Was er hier aus Reinanken, Aalrutten, Forellen und Saiblingen macht, hat ihm nicht umsonst den inoffiziellen Titel als bester – und das heißt vor allem: innovativster – Fischkoch des Landes eingebracht. Das liegt auch daran, dass er alles, von der Flosse bis zur Schnauze, vom Fisch verwertet und damit die Nose-to-tail-Philosophie, die man hierzulande eher in Sachen Fleisch kennt, auf die regionalen Fische übertrug.
„Wir setzen auf Bio-Produzent:innen mit regenerativer Landwirtschaft, weil diese für eine Zukunft mit gesunden Böden stehen.“
Aber zurück zum Bootshaus: In Kombination mit japanischen Küchentechniken und Geschmacksbildern hat Nagl damit etwas Einzigartiges geschaffen, das den Regionalitätsgedanken mit einer gekonnten Prise Weltoffenheit bereichert. Die Sache ist nur die: Das Bootshaus rein auf Fischküche zu reduzieren, würde weder Nagls Handwerk noch dem ganzheitlichen Nachhaltigkeitsanspruch der Gröllers gerecht. Auch, weil hier der Grundsatz herrscht, dass die kulinarische Neugierde das Abenteuer der Saisonalität braucht, um wirklich ausgelebt werden zu können.
Kreislaufwirtschaft als Spaßmacher
„Ein Korb mit dem Besten aus dem See, von den Almen und Wiesen bestimmt, was wir kochen. Wir orientieren uns an der Natur und nicht umgekehrt“, sagt Nagl. Dabei liegt der Fokus auf Bio-Produzent:innen mit regenerativer Landwirtschaft, „weil die für eine Zukunft mit gesunden Böden stehen, das war uns von Anfang an wichtig“.

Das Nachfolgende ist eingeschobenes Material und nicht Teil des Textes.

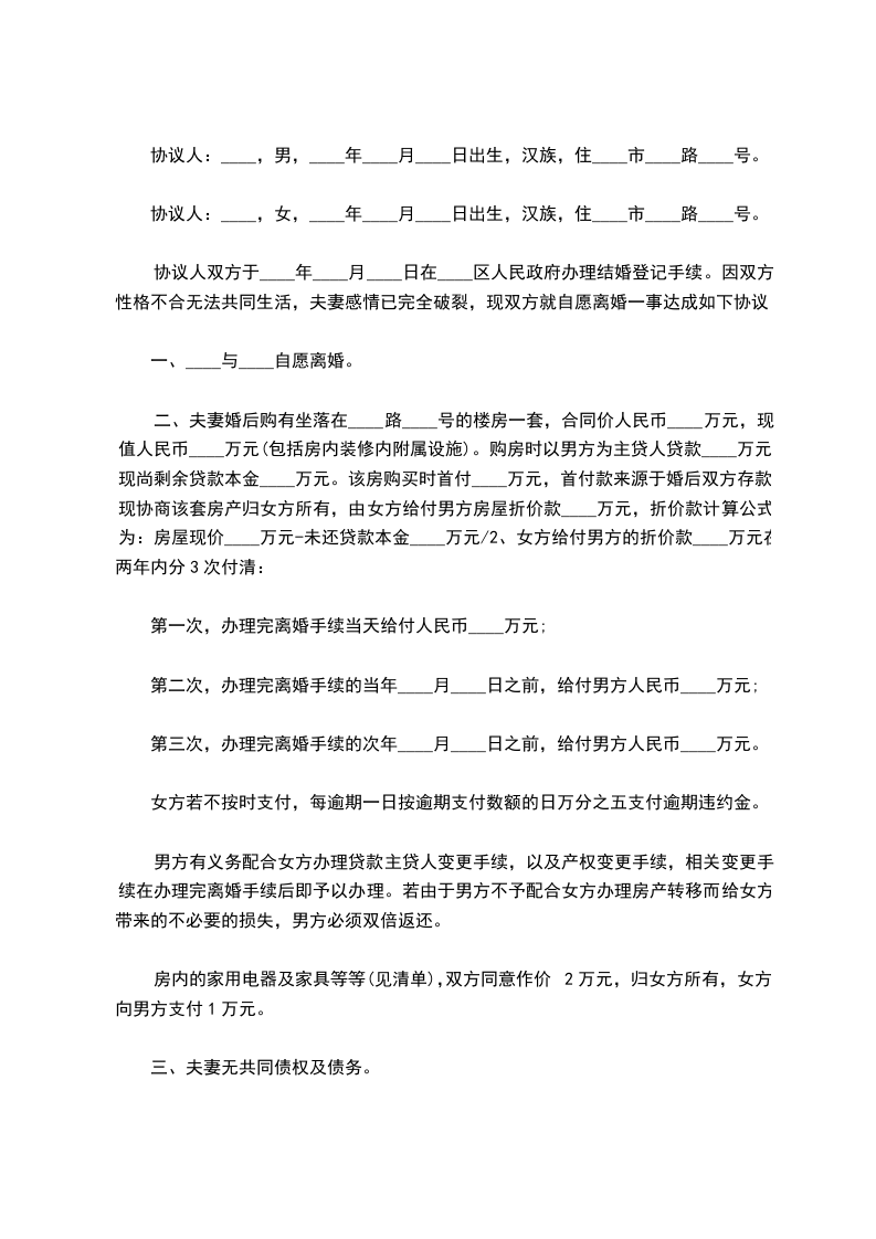 二、夫妻婚后购有坐落在____路____号的楼房一套,合同价人民币____万元,现值人民币____万元(包括房内装修内附属设施)。购房时以男方为主贷人贷款____万元,现尚剩余贷款本金____万元。该房购买时首付____万元,首付款来源于婚后双方存款。现协商该套房产归女方所有,由女方给付男方房屋折价款____万元,折价款计算公式为:房屋现价____万元-未还贷款本金____万元/2、女方给付男方的折价款____万元在两年内分3次付清:
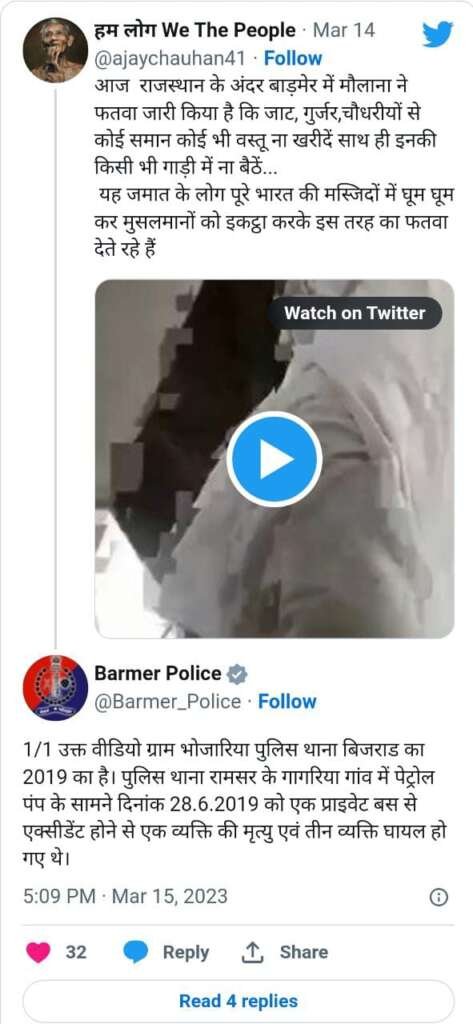 2023 മാർച്ചിൽ ഇതേ വീഡിയോ സാമൂഹിക മാധ്യമങ്ങളിൽ പ്രചരിച്ചിരുന്നു. അന്ന് രാജസ്ഥാനിലെ ബർമറിൽ ഒരു മൗലാന ഹിന്ദുക്കളെ ബഹിഷ്കരിക്കാൻ ആഹ്വാനം ചെയ്യുന്നു എന്ന പേരിലാണ് വീഡിയോ പ്രചരിച്ചത്.

Auch die Gröllers selbst betreiben eine eigene Landwirtschaft: Die Lämmer ihres Lammlieferanten Gnigler grasen auf ihren saftigen Wiesen. Außerdem wachsen auf gröllerschem Grund Obstbäume, mit deren Obst eigene Säfte und Schnäpse hergestellt werden. Und dann wäre da noch der Wein – und die Gault&Millau-Sommelière des Jahres 2025 Katharina Gnigler, die Nagls Küche mit heimischen Bio-Tropfen flankiert.
„Qualität war immer schon unser Motor – und diese Qualität sollte man überall, in jeder Ecke unserer Betriebe, fühlen und sehen können.“
Kein Wunder also, dass im Mikrokosmos der Gröllers gezielt Landwirt:innen gefördert werden, die gegen Erosion arbeiten, und die viel zitierte Kreislaufwirtschaft hier mehr als nur ein vages Buzzword ist: Im Bootshaus werden Produkte unverpackt geliefert, alle Abläufe mithilfe eines Pfandsystems optimiert, und Zero Waste ist hier der kreative Spaßmacher schlechthin.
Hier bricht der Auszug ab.